Stored entries:
========

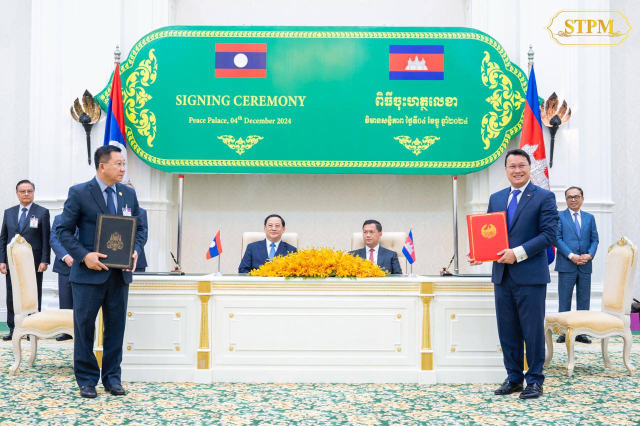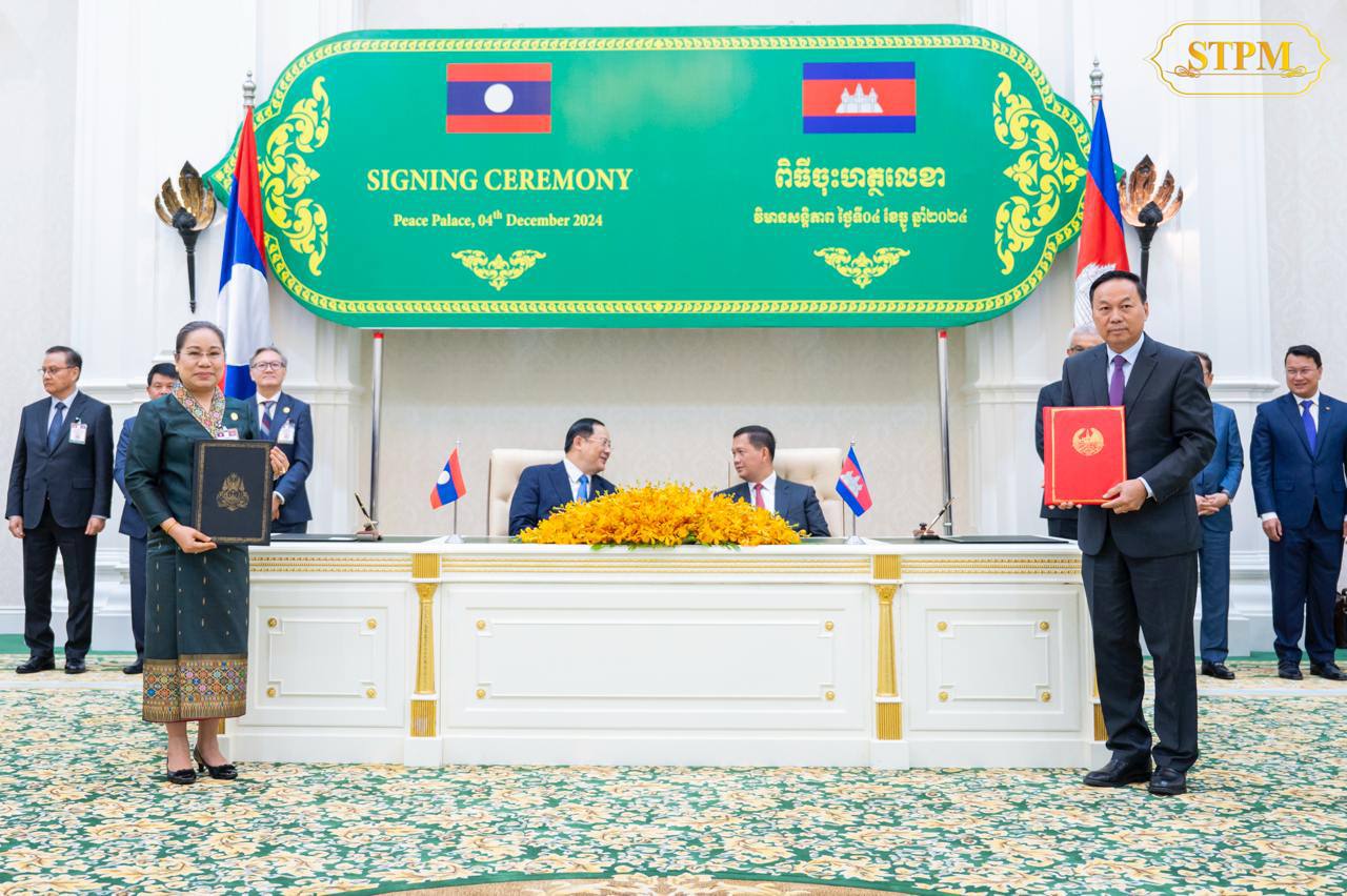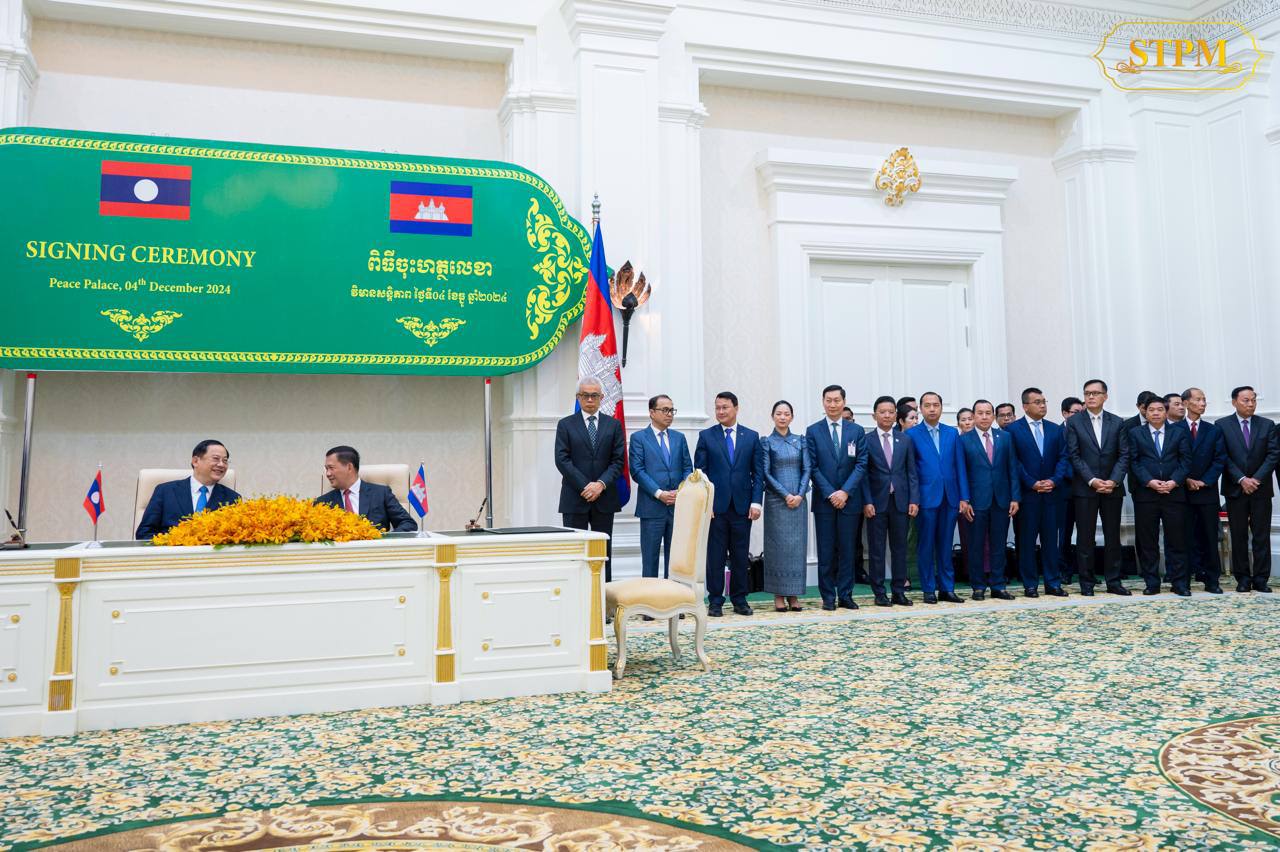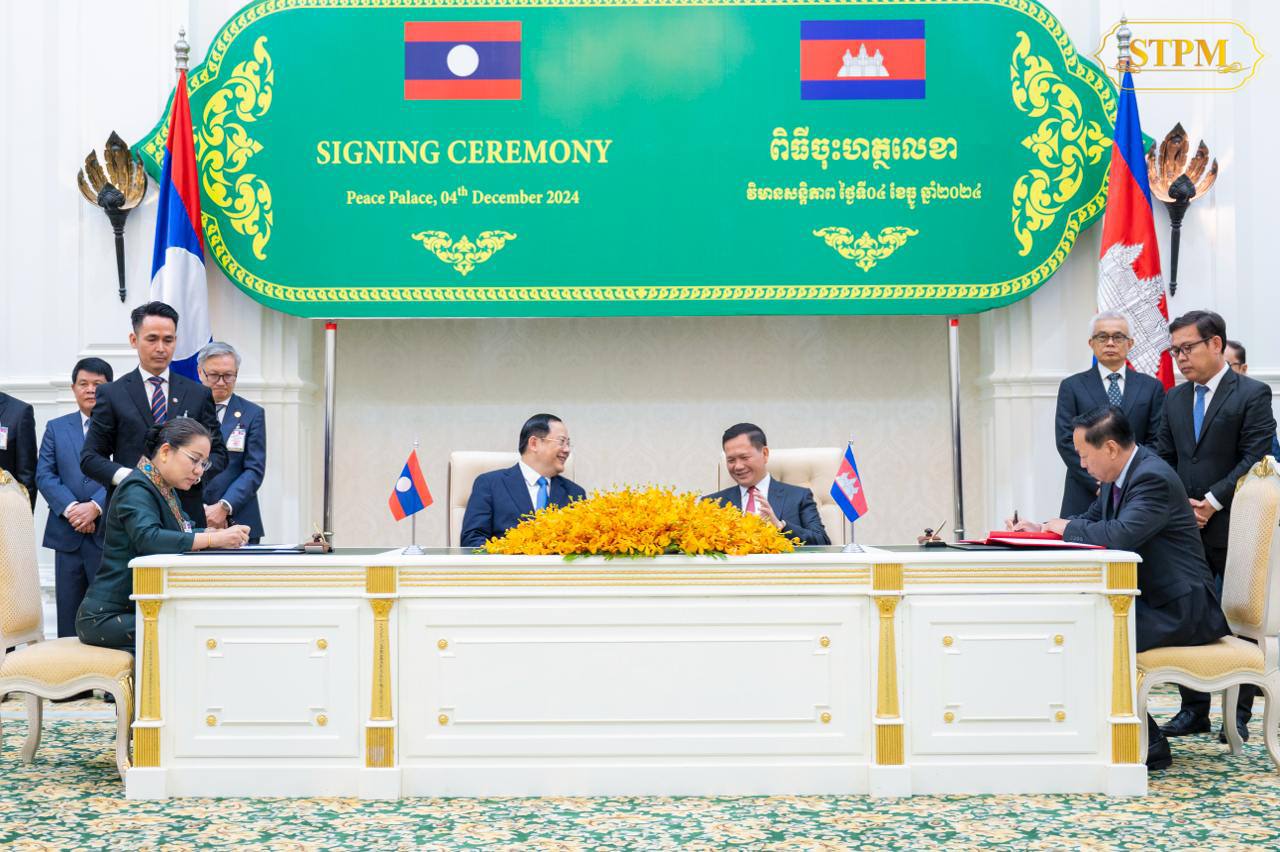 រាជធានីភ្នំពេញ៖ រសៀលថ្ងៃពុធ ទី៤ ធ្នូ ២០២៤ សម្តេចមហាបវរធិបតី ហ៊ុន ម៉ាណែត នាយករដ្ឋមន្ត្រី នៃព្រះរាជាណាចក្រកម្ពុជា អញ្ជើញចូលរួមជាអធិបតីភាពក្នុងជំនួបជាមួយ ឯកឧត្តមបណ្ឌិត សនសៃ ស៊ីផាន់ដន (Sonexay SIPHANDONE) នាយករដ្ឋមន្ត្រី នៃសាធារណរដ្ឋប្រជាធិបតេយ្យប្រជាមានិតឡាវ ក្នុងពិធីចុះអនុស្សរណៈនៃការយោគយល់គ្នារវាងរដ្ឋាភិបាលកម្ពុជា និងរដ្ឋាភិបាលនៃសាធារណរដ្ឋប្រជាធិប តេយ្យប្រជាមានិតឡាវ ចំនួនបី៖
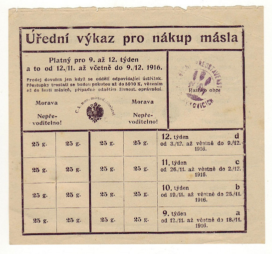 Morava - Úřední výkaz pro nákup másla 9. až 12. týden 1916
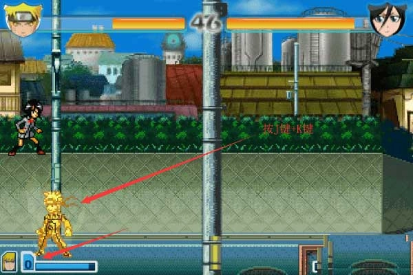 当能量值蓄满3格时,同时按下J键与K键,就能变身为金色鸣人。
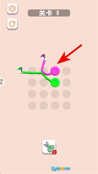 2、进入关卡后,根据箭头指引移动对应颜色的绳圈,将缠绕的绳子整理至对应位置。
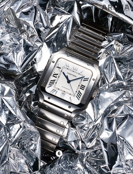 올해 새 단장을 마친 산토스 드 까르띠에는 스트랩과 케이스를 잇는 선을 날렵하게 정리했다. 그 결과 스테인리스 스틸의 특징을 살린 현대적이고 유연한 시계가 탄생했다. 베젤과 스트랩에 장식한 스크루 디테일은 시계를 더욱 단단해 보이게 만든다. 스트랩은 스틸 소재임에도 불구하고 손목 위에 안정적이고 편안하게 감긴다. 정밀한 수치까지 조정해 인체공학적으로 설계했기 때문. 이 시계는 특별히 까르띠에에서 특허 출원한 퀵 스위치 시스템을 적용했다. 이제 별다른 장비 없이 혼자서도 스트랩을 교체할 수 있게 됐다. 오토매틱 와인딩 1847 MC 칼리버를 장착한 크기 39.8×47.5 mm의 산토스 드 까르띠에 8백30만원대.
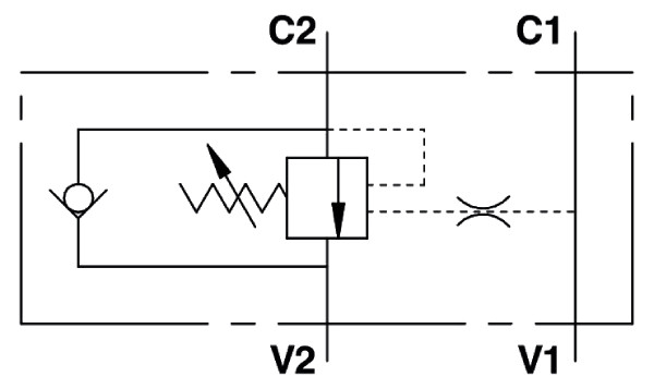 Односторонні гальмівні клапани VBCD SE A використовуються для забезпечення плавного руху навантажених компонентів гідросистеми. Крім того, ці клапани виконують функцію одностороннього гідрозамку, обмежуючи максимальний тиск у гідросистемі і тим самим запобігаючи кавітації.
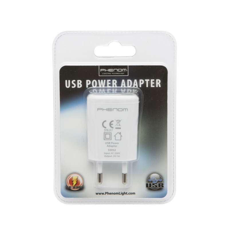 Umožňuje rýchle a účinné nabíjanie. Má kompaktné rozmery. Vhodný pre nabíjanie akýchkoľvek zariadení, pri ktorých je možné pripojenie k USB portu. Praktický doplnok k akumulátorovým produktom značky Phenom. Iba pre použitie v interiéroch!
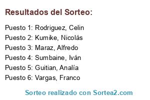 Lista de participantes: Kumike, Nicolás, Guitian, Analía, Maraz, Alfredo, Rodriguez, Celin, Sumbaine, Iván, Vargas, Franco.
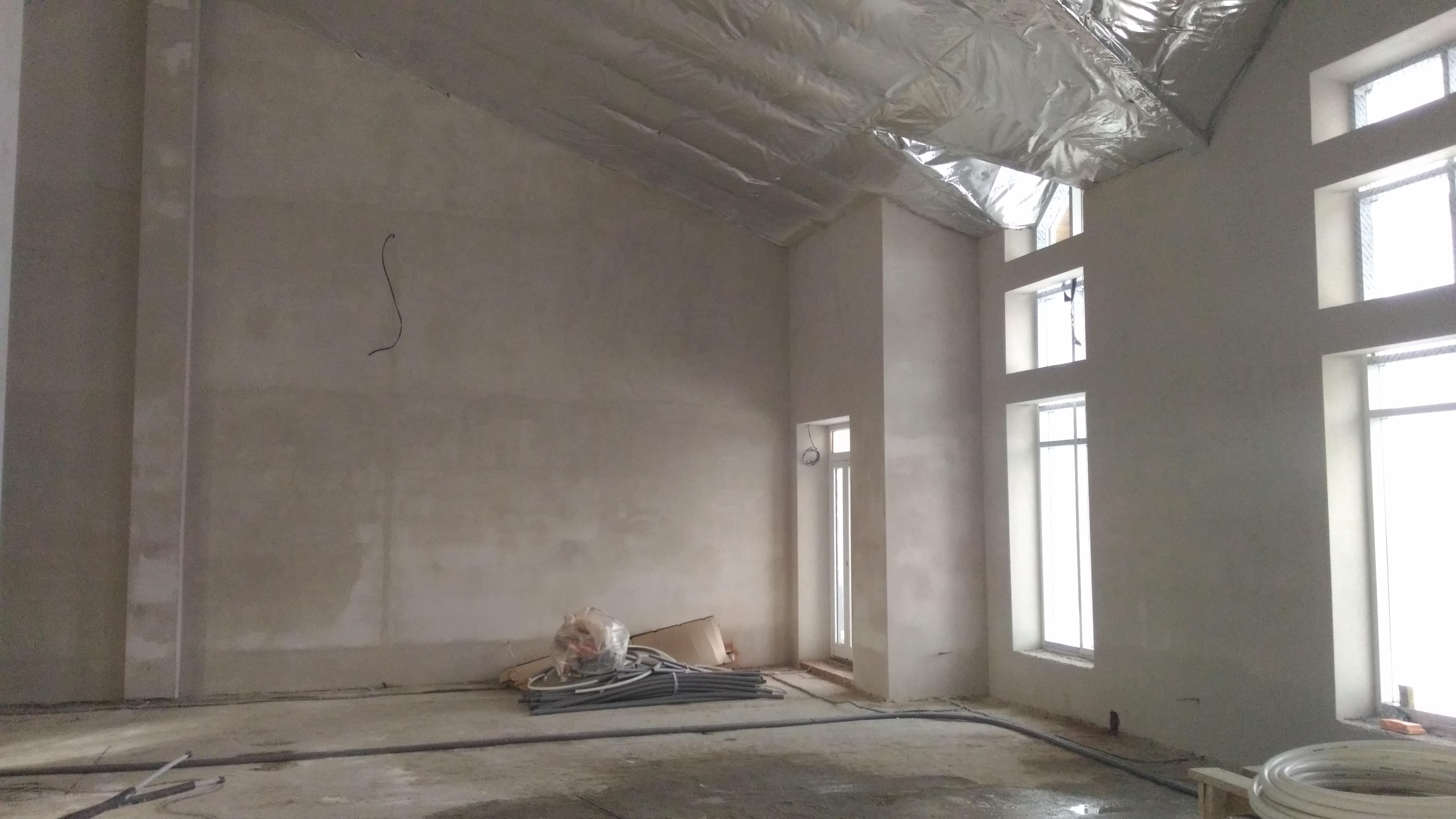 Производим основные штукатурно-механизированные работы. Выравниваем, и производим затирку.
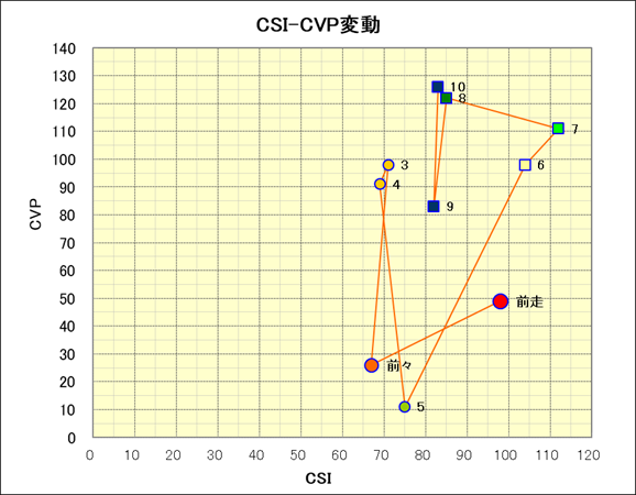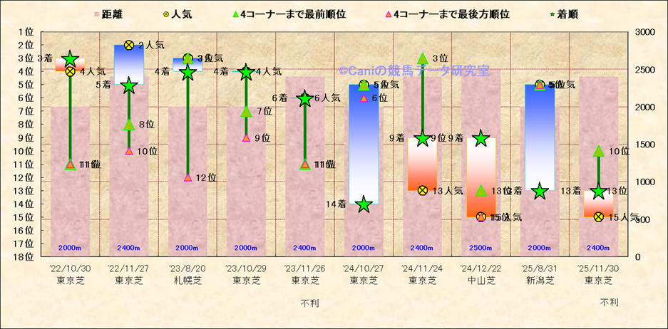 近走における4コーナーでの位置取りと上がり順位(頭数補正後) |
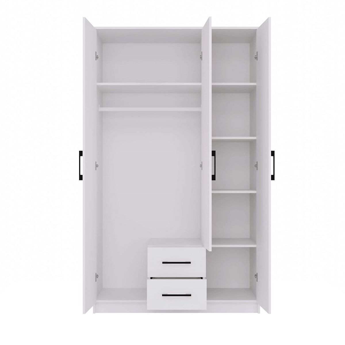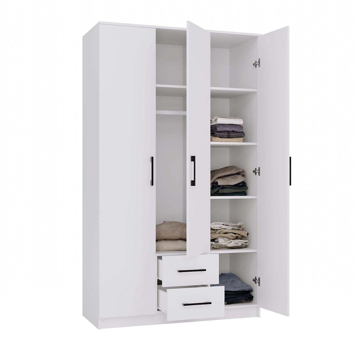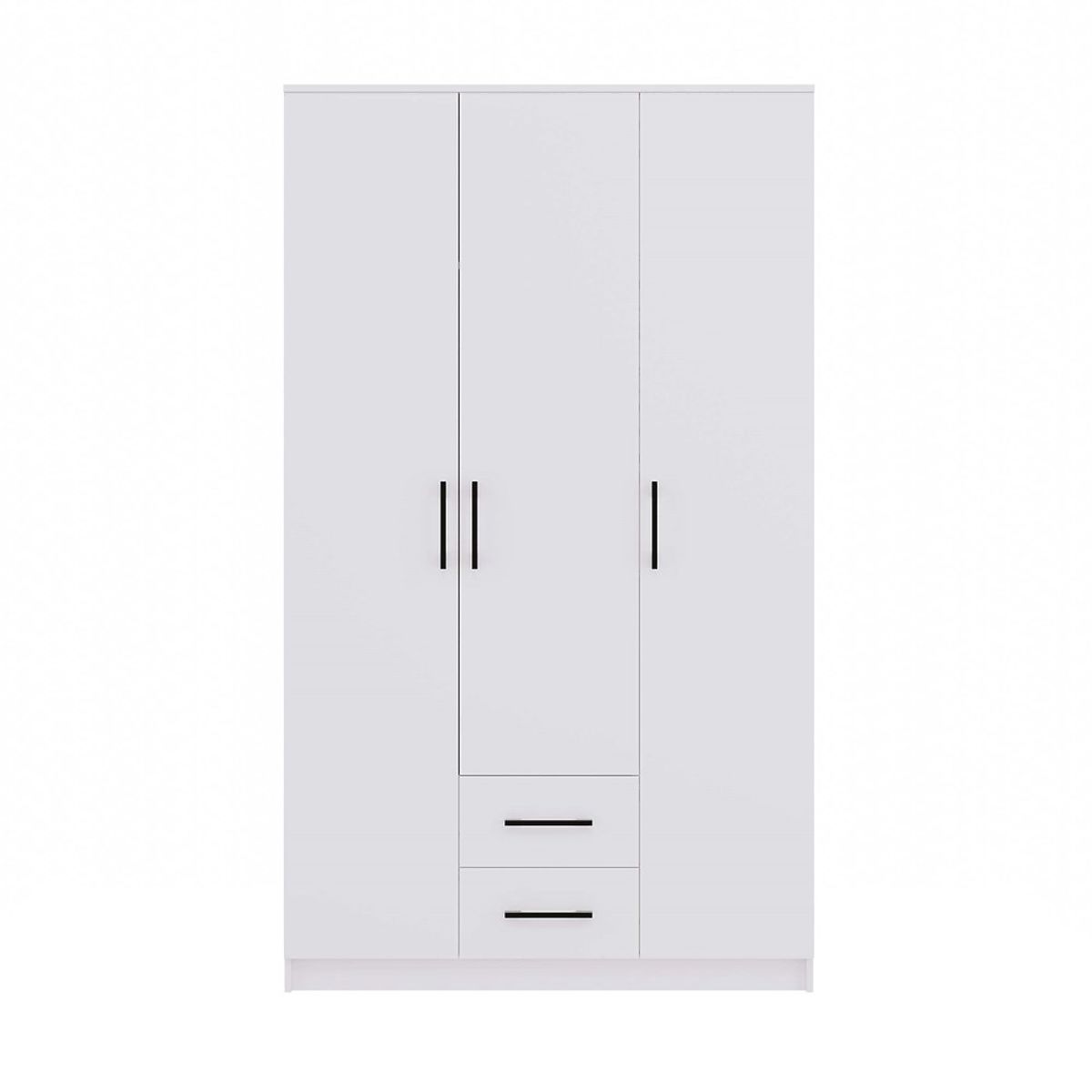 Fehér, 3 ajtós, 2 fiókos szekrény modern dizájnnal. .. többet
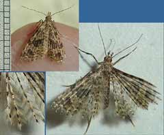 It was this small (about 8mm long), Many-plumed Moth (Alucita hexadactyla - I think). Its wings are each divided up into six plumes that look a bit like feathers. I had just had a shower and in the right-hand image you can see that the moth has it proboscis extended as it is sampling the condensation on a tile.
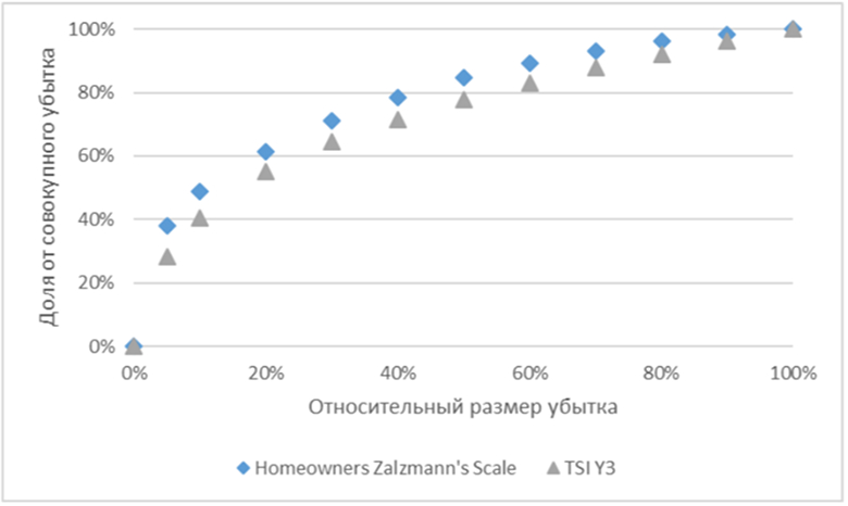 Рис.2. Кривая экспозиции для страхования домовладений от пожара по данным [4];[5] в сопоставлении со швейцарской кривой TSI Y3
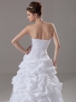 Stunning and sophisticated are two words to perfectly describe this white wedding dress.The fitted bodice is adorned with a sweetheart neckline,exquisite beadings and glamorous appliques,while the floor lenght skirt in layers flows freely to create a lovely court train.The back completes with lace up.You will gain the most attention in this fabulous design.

========

INSTRUCTIONS TO FOLLOW: Excluding all pictures, output exactly the lines from the line containing "Iván, Vargas, Franco." through the last line of the entries above.

YOUR SOLUTION:
 Lista de participantes: Kumike, Nicolás, Guitian, Analía, Maraz, Alfredo, Rodriguez, Celin, Sumbaine, Iván, Vargas, Franco.
 Производим основные штукатурно-механизированные работы. Выравниваем, и производим затирку.
 近走における4コーナーでの位置取りと上がり順位(頭数補正後) |
 Fehér, 3 ajtós, 2 fiókos szekrény modern dizájnnal. .. többet
 It was this small (about 8mm long), Many-plumed Moth (Alucita hexadactyla - I think). Its wings are each divided up into six plumes that look a bit like feathers. I had just had a shower and in the right-hand image you can see that the moth has it proboscis extended as it is sampling the condensation on a tile.
 Рис.2. Кривая экспозиции для страхования домовладений от пожара по данным [4];[5] в сопоставлении со швейцарской кривой TSI Y3
 Stunning and sophisticated are two words to perfectly describe this white wedding dress.The fitted bodice is adorned with a sweetheart neckline,exquisite beadings and glamorous appliques,while the floor lenght skirt in layers flows freely to create a lovely court train.The back completes with lace up.You will gain the most attention in this fabulous design.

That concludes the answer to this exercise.